Je baise vos ailes avec componction.


4853. — À M.  LEKAIN.
À Ferney, 2 mars.

Mon cher grand acteur, est-il vrai que nous aurons le bonheur de vous voir devers Pâques ? Nous communierons ensemble, et nous prendrons des mesures pour faire de Zulime, de Cassandre, etc., etc., quelque chose qui puisse vous être agréable et utile. J’interromps une répétition pour vous dire que toute notre troupe, et surtout Mme  Denis et moi, nous vous faisons les plus tendres et les plus sincères compliments. V.


4854. — À M.  LE CARDINAL DE BERNIS.
À Ferney, ce 5 mars.

Oui, monseigneur, ceux qui disaient, quand vous fûtes ministre pour trop peu de temps : Celui-là du moins sait lire et écrire, avaient bien raison. Votre Éminence daigne se souvenir de Cassandre, et me donne un excellent conseil, que je vais sur-le-champ mettre en pratique. Vous jugez encore mieux Cinna ; rien n’est mieux dit : C’est plutôt un bel ouvrage qu’une bonne tragédie. Je souscris à ce jugement. Nous n’avons guère de tragédies qui arrachent le cœur ; c’est pourtant ce qu’il faudrait.
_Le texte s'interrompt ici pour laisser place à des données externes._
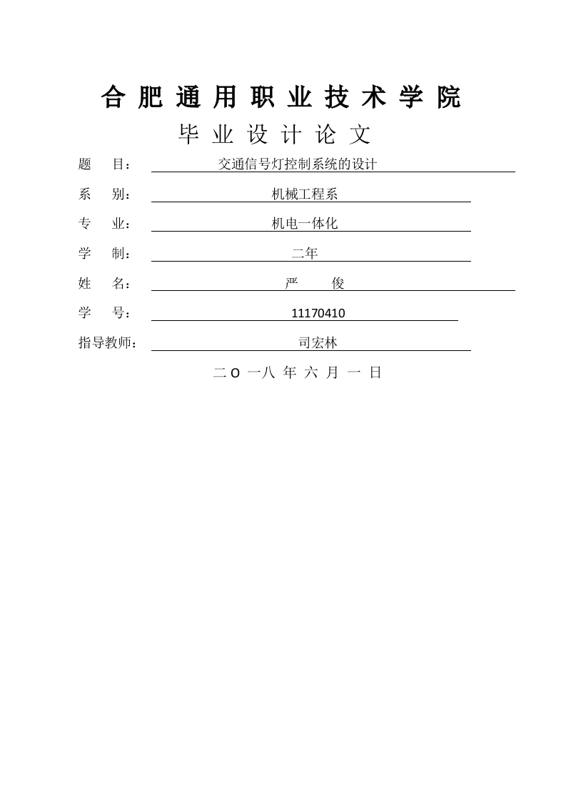 合肥通用职业技术学院毕业设计论文题目:交通信号灯控制系统的设计系机械工程系专业:机电一体化学制:二年姓名:严俊学号:11170410指导教师:司宏林二0一八年六月一日指导教师评语及成绩:指导教师:年月日摘要智能控制的交通指挥中心系统缓解了城市道路的拥堵的,使道路的通行能力得到了提高。同时减少了许多交通事故,车辆的尾气排放也得到了很大的改善,降低了对环境的污染。论文采用PLC实现对交通信号灯控制,编程简单明了,易于维护。利用组态软件MCGS对于交通灯控制系统进行相关的控制,便于机器和使用者进行有效的数据的交流。关键字:交通控制:交通灯;PLC控制:MCGS

Vous savez peut-être ce qui arriva à Tancrède, il y a huit ou dix jours ; je ne dis pas que ce Tancrède arrache l’âme, ce n’est pas cela dont il s’agit ; il y a des vers ainsi tournés :


On dépouille Tancrède, on l’exile, on l’outrage ;
C’est le sort d’un héros d’être persécuté.

(Acte I, scène VI.)

Tout le monde battit des mains, on cria Broglie ! Broglie ! et les battements recommencèrent ; ce fut un bruit, un tapage,

  1. Il veut sans doute parler de Rochette, qui avait été pendu le 18 février ; voyez une note sur la lettre 4719.